キョーコちゃんの足元にすぐさま跪いたかと思うと彼女の右手をさりげなく持ち上げ、それを自分の左肩に素早く導きあっという間にキョーコちゃんの右足を浮かせて革靴を手早く脱がせた。
制服姿に良く似合う、学生らしい革靴。
「 わわっ!敦賀さんってば、自分で出来ます、それぐらい… 」
「 気にしないで。自分だとバランスが取れないだろうから俺に寄りかかっていいよ。じゃないと君、きっと簡単に倒れるから 」
「 倒れません。…じゃなくて、そんな簡単に天下の敦賀蓮が事務所の後輩に跪くなんてやめて下さい! 」
「 また訳の判らない事を…。それを言ったら君もいま天下にいるでしょ 」
「 それとは全然違います!私が言っているのは外にいるって意味じゃないですよ 」
―――――― うん。本当にこれはどこか見慣れた押し問答。
そして普通の人なら多分ここで、手にした靴をひっくり返して中に入っているだろう異物を取り除く所だろうけど、蓮は手にしたキョーコちゃんの靴を傾けると踵に転がり寄って来た小石をわざわざ拾って取り出して見せた。
「 最上さん、当たり。確かに小石だったよ。はい、もう大丈夫。足をどうぞ、シンデレラ。この靴はたぶん、君にぴったりだと思うよ 」
「 ぷっ…!!そりゃそうですよ。…ありがとうございます 」
微笑ましく騎士を見下ろすお姫様と
お姫様を命がけで守る騎士のように
さりげなく寄り添い小さく微笑み合う二人を、少し離れた場所から見守った。
つい目を細めてニンマリと笑いながら、二人をからかいそうになる自分をマネ魂一つで何とか押さえつけて黙っていた俺は、こんな大人な対応が出来た自分を褒めてやりたい。

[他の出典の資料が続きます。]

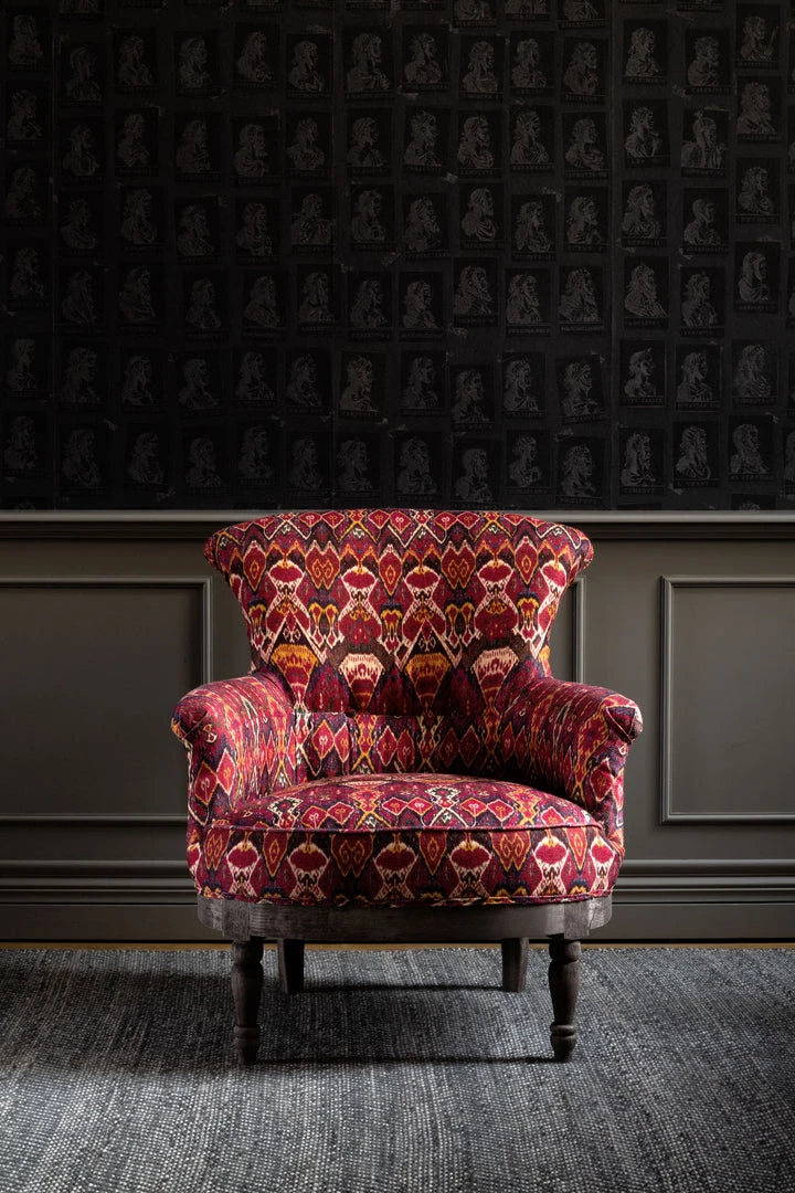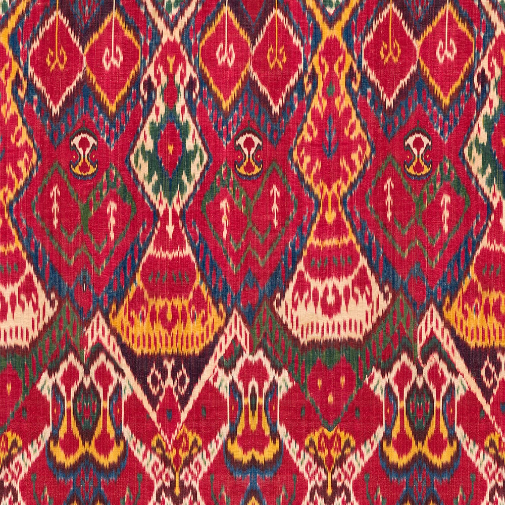A beautiful multicolour design inspired by traditional handwoven Uzbekistan Ikat silks. These bold kaleidoscopic patterns have been adopted into the modern Farmhouse look adding a depth and weaving into our cultural psyche. Printed on a robust heavy weave linen.

……いや、だけど、本当に、ときどき凄く不思議に思う。
二人の雰囲気はとても自然で
その光景がごく当たり前のように俺の目に映るところが…。
「 いい?平気かな? 」
「 はい、大丈夫です。本当にありがとうございます、敦賀さん 」
「 フ…どういたしまして 」
さりげない会話を繰り広げながら、スックと立ち上がった蓮の左手が何かをそっと握りしめたままズボンのポケットにしまわれた。
その動きは余りにさりげなさ過ぎて、きっとキョーコちゃんは気付けなかっただろうけど…。
なぁ蓮?
それ、可愛い彼女をおイタした罰をあとで与えてやろうって言うより、愛しい彼女の柔肌に触れた特別な小石として自分が引き取る…とか、そんなつもりだったりするのか?
そういう所が、蓮にはある。
どうかするとキョーコちゃんより蓮の方が、ときおりすっごく乙女な行動をするんだ。
道行く人は蓮を見るなりカッコイイ…と頬を染めて呟くけど。実態を知ったら絶対に俺と同じことを考えるだろうという確信がある。
「 社さん、行きますよ?考え事ですか? 」
「 ん?ああ、まあ、色々と思う所があってな… 」
「 はあ?LME事務所に向かう道すがらに、ですか?何かまたどうでも良い事に思考を傾けていただけ…とかじゃなくてですか? 」
「 どうでも良くはないだろ。お前のイメージ戦略についてだよ 」
「 ええっ?こんな瞬間でも社さん、敦賀さんの事を考えているんですか?ある意味、ラブラブ… 」
「 キョーコちゃん、それはヤメテ…。俺はただのマネージャーだから。敦賀蓮の… 」
ふふふ…と3人で笑みを漏らしながら
だけどいつか、伝えられたらいいな、と思った。
もしいつか
たとえばこの先
この二人が無事、パートナーとしてまとまったとき
自分より2歩後ろにいるキョーコちゃんの異変だって感じ取れるほど
蓮は君のことを、ずっと想っていたんだよ…って。
E N D
微笑ましい両片想い蓮キョ♡ヤッシーside
うふふ( ´艸`)♡…実は先日、近所の公園を横切るとき、敷き詰められた砂利石の一つが自分の靴にジャンプしてきた時にふと妄想をかまして誕生したお話です。